2. Soupape (1) avec une bobine (4) pour la commande du démarrage et de l'arrêt d'un moteur hydraulique (17) selon la revendication précédente 1, caractérisée en ce que :

ledit interstice (16) a des tailles de section beaucoup plus petites que les tailles dudit premier conduit (9) et dudit deuxième conduit (10), le passage dudit fluide entre lesdits conduits ayant lieu avec la lamination du flux dudit fluide.

3. Soupape (1) avec une bobine (4) pour la commande du démarrage et de l'arrêt d'un moteur hydraulique (17) selon la revendication précédente 1, caractérisée en ce que :

ledit premier moyen élastique (7) et ledit deuxième moyen élastique (8) sont des ressorts.

4. Soupape (1) avec une bobine (4) pour la commande du démarrage et de l'arrêt d'un moteur hydraulique (17) selon l'une quelconque des revendications précédentes 1 à 3, caractérisée en ce que:

ledit premier moyen élastique (7) est supporté par une goupille (25) solidaire d'un premier bouchon de fermeture (5) d'un trou correspondant obtenu sur ledit corps (2), ledit premier moyen élastique (7) exerçant une force de réaction entre ledit premier bouchon de fermeture (5) fixé audit corps (2) et une première extrémité (18) de la forme oblongue de ladite bobine (4),

et caractérisée en outre en ce que:

ledit deuxième moyen élastique (8) est supporté par une goupille (25) solidaire d'un deuxième bouchon de fermeture (6) d'un trou correspondant obtenu sur ledit corps (2),

ledit deuxième moyen élastique (8) exerçant une force de réaction entre ledit deuxième bouchon de fermeture (6) fixé audit corps (2) et une deuxième extrémité (19) de la forme oblongue de ladite bobine (4) qui est l'extrémité opposée de ladite bobine (4) par rapport à ladite première extrémité (18), ledit premier moyen élastique (7) et ledit deuxième moyen élastique (8) exerçant sur ladite bobine (4) des forces avec un même module et selon des directions réciproquement opposées.

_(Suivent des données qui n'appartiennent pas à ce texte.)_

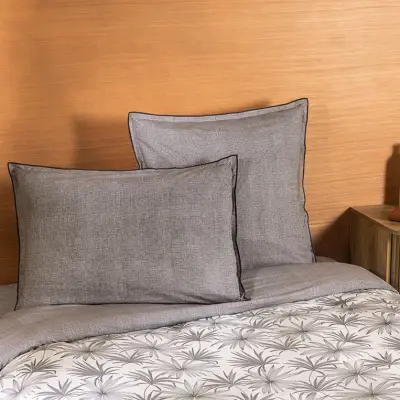 Le petit plus Linvosges : la finition surjet gris sur les taies d’oreiller qui vient souligner le style de ce linge de lit résolument moderne.
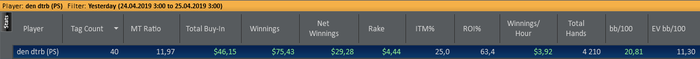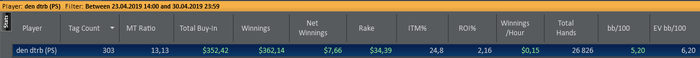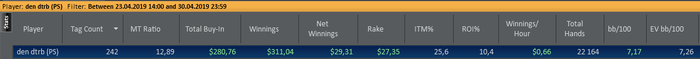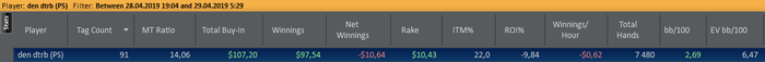 Поставил сразу 2 новых рекорда: 1. Количество турниров за сессию - "91"(предыдущий рекорд - "60 турниров" ; 20.01.19) 2. Количество рук за сессию - "7480"(предыдущий рекорд - "7229 рук" ; 20.01.19)
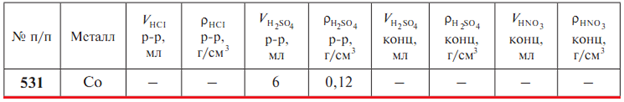 Задачи 523-542 (табл. 1.33). Напишите уравнение реакции взаимодействия металла с кислотой. Рассчитайте массу вступившего в реакцию металла и объем выделившегося газа (н.у.) по известному объему V вступившей в реакцию кислоты и ее плотности ρ. Примечание. Обратите внимание на концентрацию кислоты!.
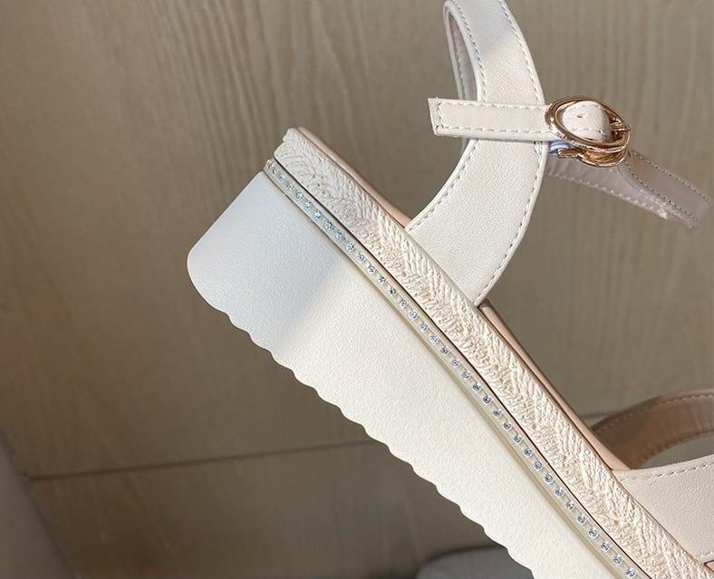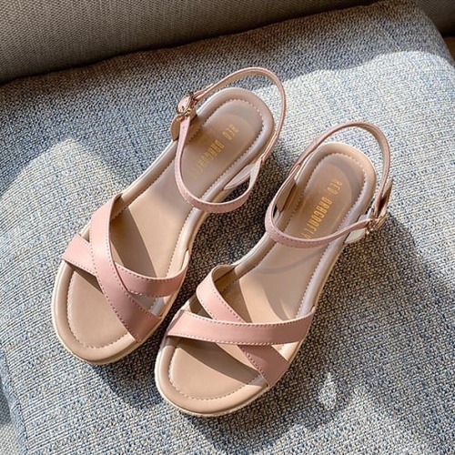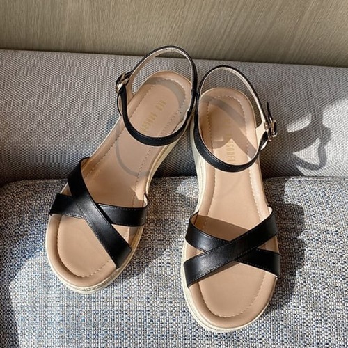 サンダル レディース アンクルストラップ バックバンド オープントゥ ウェッジソール 無地 大人可愛い こなれ感 きれいめ リゾート アウトドア 普段使い ヒール 5cm 牛皮

5. Soupape (1) avec une bobine (4) pour la commande du démarrage et de l'arrêt d'un moteur hydraulique (17) selon l'une quelconque des revendications précédentes 1 à 3, caractérisée en ce que:

ledit premier moyen élastique (7) et ledit deuxième moyen élastique (8) sont supportés et maintenus dans une position guidée au moyen d'une condition de support exercée par des parois périmétralement internes dudit siège (3), ladite bobine (4) étant pourvue de moyens de support (26) comprenant un premier moyen de support et un deuxième moyen de support, ledit premier moyen de support étant coulissant de façon intégrale avec ladite bobine (4) dans ledit premier moyen élastique (7) et constituant une saillie du corps de ladite bobine (4) en correspondance avec une extrémité de ladite bobine et ledit deuxième moyen de support étant coulissant de façon intégrale avec ladite bobine (4) dans ledit deuxième moyen élastique (8) et constituant une saillie du corps de ladite bobine (4) en correspondance avec une extrémité opposée de ladite bobine (4) par rapport à l'extrémité sur laquelle ledit premier moyen de support est présent, lesdits moyens de support (26) étant joints et solidaires par rapport au corps de ladite bobine (4).

6. Soupape (1) avec une bobine (4) pour la commande du démarrage et de l'arrêt d'un moteur hydraulique (17) selon la revendication précédente et selon la revendication 1, caractérisée en ce que l'extension longitudinale du corps de ladite bobine (4) à l'exclusion de la partie qui correspond auxdits moyens de support (26) est essentiellement égale à l'extension longitudinale de ladite partie intermédiaire (22) dudit siège (3), lesdits moyens de support (26) ayant un diamètre inférieur au diamètre de ladite bobine (4), ladite partie intermédiaire (22) ayant un diamètre inférieur au diamètre des parties restantes dudit siège (3), la différence de diamètre entre lesdits moyens de support (26) et ladite bobine (4) produisant un premier gradin et la différence de diamètre entre ladite partie intermédiaire (22) et les parties restantes dudit siège (3) produisant un deuxième gradin, ledit premier gradin et ledit deuxième gradin étant dans une condition d'alignement réciproque lorsque ladite bobine (4) est dans ladite troisième position qui est une position essentiellement centrale de ladite bobine (4) avec ladite partie intermédiaire (22) dudit siège (3), l'ensemble dudit premier gradin et dudit deuxième gradin avec ladite bobine (4) dans ladite troisième position constituant une épaule de butée et de pré-chargement desdits premier moyen élastique (7) et deuxième moyen élastique (8).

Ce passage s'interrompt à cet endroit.